Research & Papers

From Servers to Sites: Compositional Power Trace Generation of LLM Inference for Infrastructure Planning

New framework simulates the erratic power draw of models like GPT-4 and Llama 3 for infrastructure planning.

Deep Dive

A team from Stanford University has published a research paper, 'From Servers to Sites: Compositional Power Trace Generation of LLM Inference for Infrastructure Planning,' introducing a novel framework to model the unique and volatile electricity consumption of large language models. Traditional datacenter power models fail to capture the specific workload patterns of LLM inference, where GPUs rapidly cycle between high-power compute states (prefill), lower-power generation states (decode), and idle. This new model breaks down power usage into two compositional components: workload-driven state transitions and configuration-specific power distributions within those states.

By learning from measured power traces, the framework can synthesize accurate load profiles for new traffic conditions and server configurations, scaling from individual GPU servers up to entire facility-level demand.

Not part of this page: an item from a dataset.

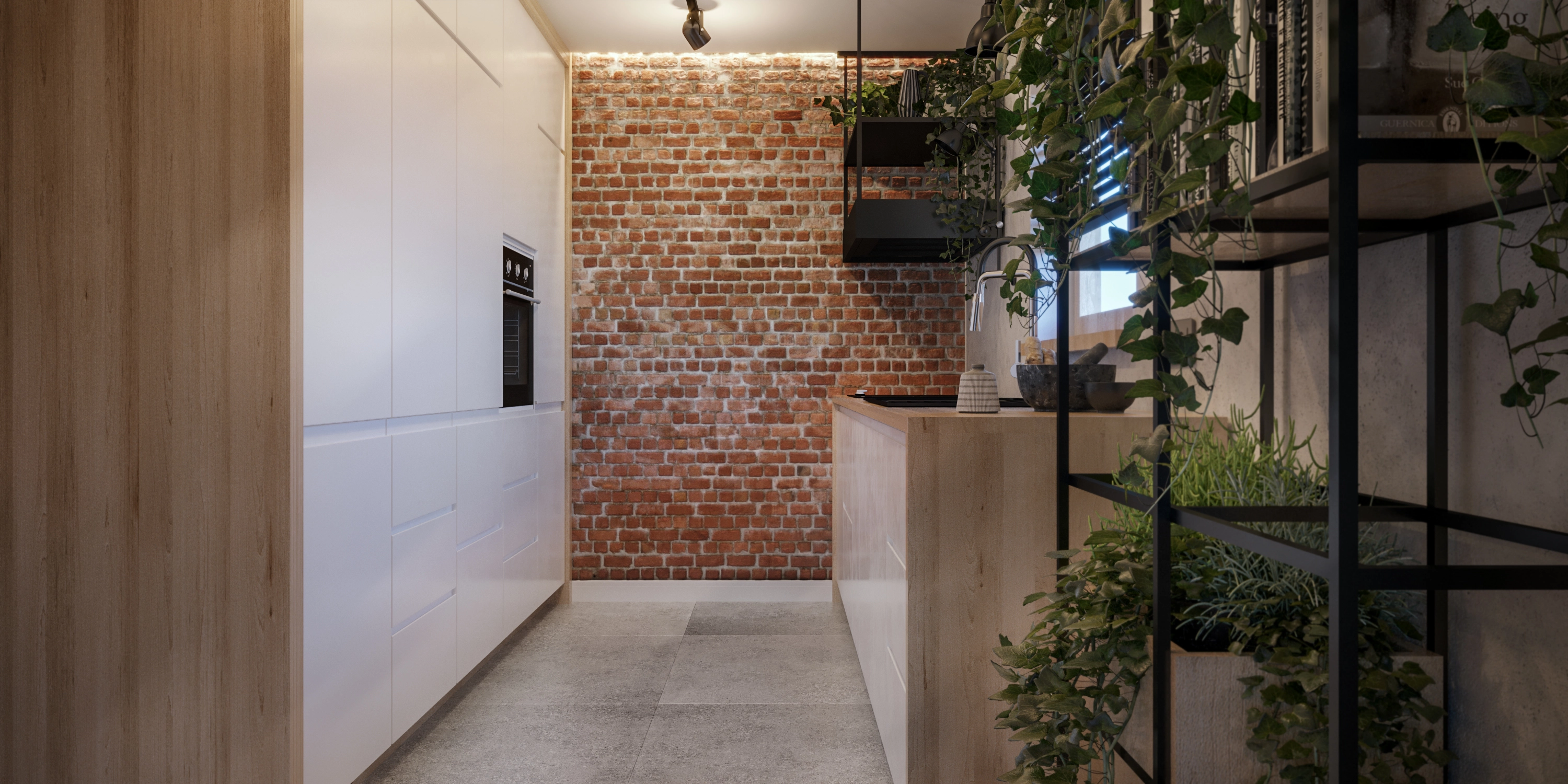 Aranżacja utrzymana jest w charakterystycznym stylu loftowym, opartym na surowych, ale szlachetnych materiałach. Betonowe tynki zostały przełamane cegłą i ocieplone drewnem, które równoważy chłód metalu i nadaje wnętrzu bardziej przyjaznego charakteru.

The researchers validated the model across multiple LLMs, tensor-parallel settings, and GPU generations, achieving a median absolute energy error below 5% for most setups while preserving critical temporal patterns. This enables downstream analyses previously impossible with flat 'nameplate' power assumptions, such as evaluating safe levels of electrical oversubscription, planning for power modulation, and characterizing utility-facing load profiles for grid interconnection studies.

Key Points
  • Models the unique 'prefill-decode-idle' power cycle of LLMs like GPT-4 and Claude, which existing datacenter tools miss.
  • Achieves high accuracy with median absolute energy error below 5% across various models and hardware configurations.
  • Generates scalable power traces from server to site level, enabling critical infrastructure planning for oversubscription and grid capacity.

Why It Matters

As AI compute demand explodes, this tool is essential for accurately planning datacenter power and cooling infrastructure, preventing costly over-provisioning or dangerous overloads.